• _Task_
Only the lines below from the one that holds "Papel tapiz balón" through the one that holds "The fallacious tweet" should appear in the answer, copied exactly, end lines included and pictures omitted.

• _Records for the exercise_
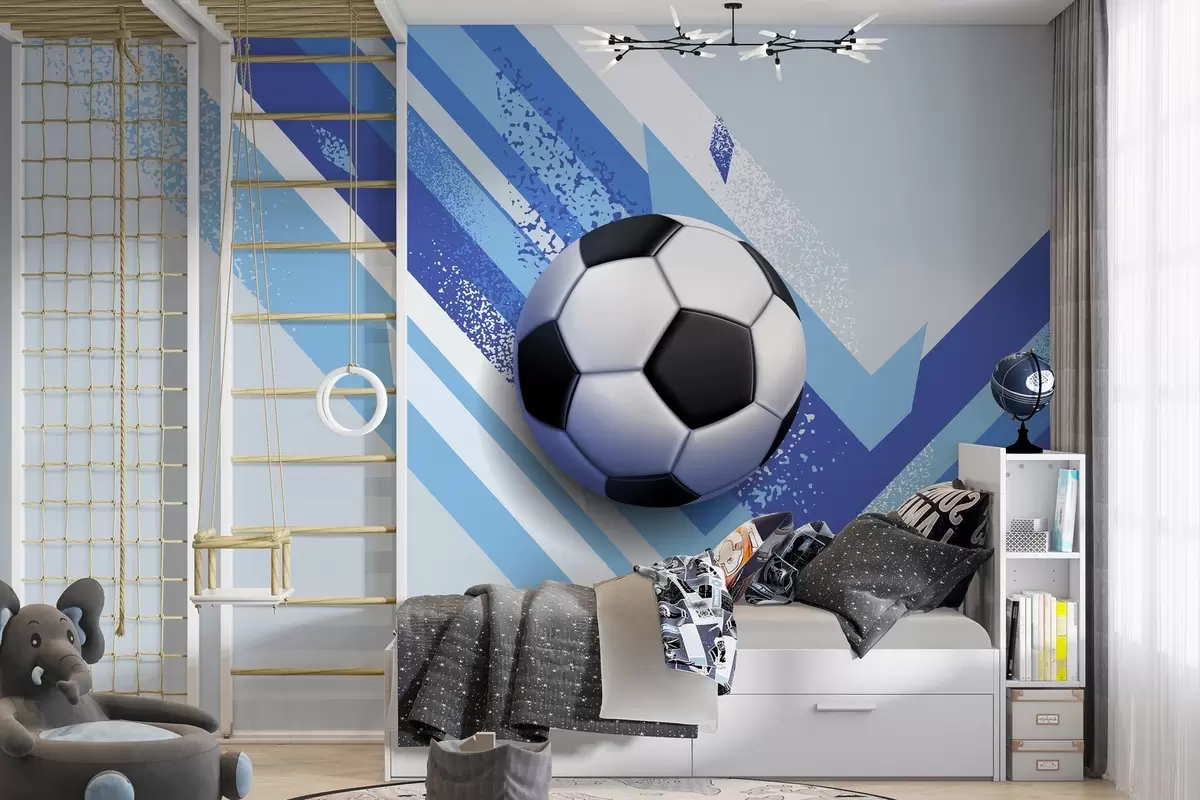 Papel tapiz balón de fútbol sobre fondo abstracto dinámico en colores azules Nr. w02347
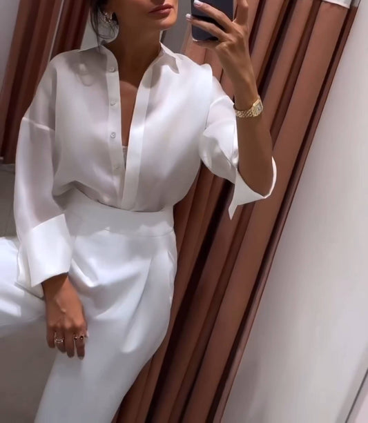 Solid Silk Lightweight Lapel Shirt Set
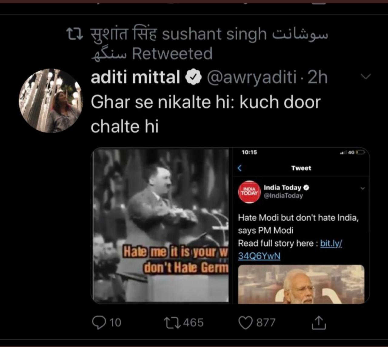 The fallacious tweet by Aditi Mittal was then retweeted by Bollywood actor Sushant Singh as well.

==

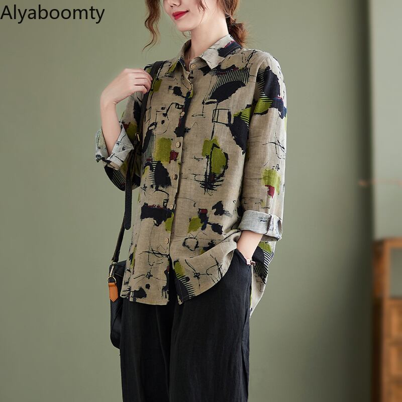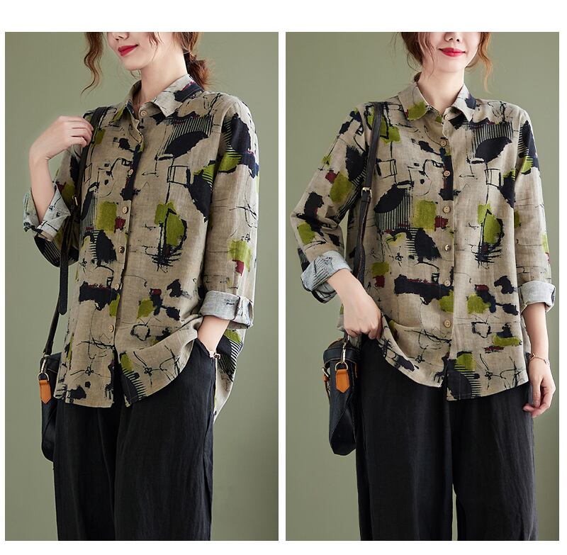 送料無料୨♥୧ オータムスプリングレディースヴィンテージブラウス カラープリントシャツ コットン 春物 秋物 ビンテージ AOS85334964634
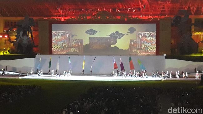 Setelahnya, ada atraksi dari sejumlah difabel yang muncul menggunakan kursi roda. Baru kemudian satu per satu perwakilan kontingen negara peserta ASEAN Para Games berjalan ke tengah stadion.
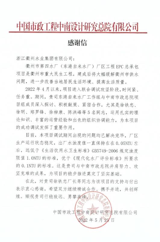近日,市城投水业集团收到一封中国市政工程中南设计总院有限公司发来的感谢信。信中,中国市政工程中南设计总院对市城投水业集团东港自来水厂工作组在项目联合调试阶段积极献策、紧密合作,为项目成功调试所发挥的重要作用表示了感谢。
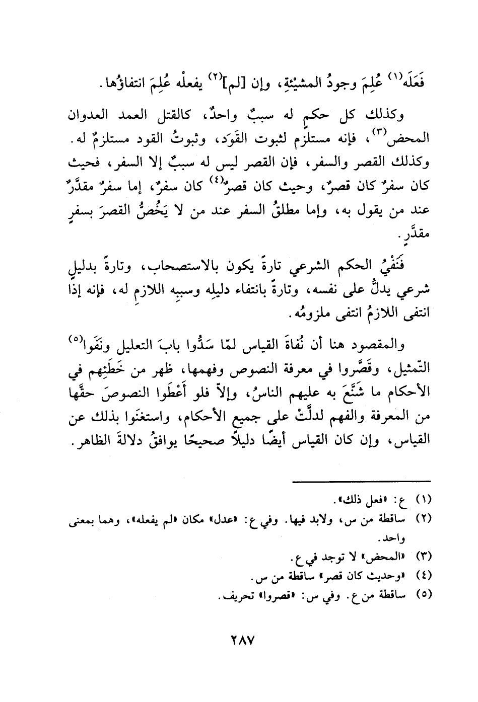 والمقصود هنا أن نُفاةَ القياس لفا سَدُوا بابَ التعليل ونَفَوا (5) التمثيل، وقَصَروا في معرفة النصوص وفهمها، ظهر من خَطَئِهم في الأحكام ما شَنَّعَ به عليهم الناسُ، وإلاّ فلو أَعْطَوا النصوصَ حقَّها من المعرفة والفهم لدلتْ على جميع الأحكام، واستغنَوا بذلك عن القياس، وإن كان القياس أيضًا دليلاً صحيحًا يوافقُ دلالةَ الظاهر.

• _Output for this task_
 Papel tapiz balón de fútbol sobre fondo abstracto dinámico en colores azules Nr. w02347
 Solid Silk Lightweight Lapel Shirt Set
 The fallacious tweet by Aditi Mittal was then retweeted by Bollywood actor Sushant Singh as well.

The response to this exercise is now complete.